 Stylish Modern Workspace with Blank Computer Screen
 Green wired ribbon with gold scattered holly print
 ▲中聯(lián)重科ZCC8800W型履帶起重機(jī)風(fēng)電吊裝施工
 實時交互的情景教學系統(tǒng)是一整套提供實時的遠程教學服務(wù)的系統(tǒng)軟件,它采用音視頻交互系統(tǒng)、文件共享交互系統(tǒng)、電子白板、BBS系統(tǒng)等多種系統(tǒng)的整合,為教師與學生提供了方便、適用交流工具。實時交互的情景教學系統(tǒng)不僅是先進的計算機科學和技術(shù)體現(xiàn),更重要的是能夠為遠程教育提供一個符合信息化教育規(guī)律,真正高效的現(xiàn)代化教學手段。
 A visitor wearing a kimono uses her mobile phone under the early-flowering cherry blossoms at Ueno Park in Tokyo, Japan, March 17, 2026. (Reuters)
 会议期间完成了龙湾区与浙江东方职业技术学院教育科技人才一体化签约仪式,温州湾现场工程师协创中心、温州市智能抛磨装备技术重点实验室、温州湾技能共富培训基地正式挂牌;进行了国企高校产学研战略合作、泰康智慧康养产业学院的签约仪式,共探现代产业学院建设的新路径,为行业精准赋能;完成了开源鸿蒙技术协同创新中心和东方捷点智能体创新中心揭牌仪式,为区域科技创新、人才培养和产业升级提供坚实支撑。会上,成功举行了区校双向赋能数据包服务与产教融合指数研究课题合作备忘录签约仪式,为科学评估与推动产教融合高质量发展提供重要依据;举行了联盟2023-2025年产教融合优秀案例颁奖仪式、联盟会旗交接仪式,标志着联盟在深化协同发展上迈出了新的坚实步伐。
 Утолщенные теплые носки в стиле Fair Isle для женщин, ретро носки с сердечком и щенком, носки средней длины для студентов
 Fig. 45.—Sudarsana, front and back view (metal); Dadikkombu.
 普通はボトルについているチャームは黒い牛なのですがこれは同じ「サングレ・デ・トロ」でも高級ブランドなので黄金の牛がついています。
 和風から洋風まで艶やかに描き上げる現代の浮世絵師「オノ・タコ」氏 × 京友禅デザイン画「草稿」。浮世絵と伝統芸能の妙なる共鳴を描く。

==============================

For this listing, copy out every line that includes the word "with".

▶ [EXERCISE ANSWER]
 Stylish Modern Workspace with Blank Computer Screen
 Green wired ribbon with gold scattered holly print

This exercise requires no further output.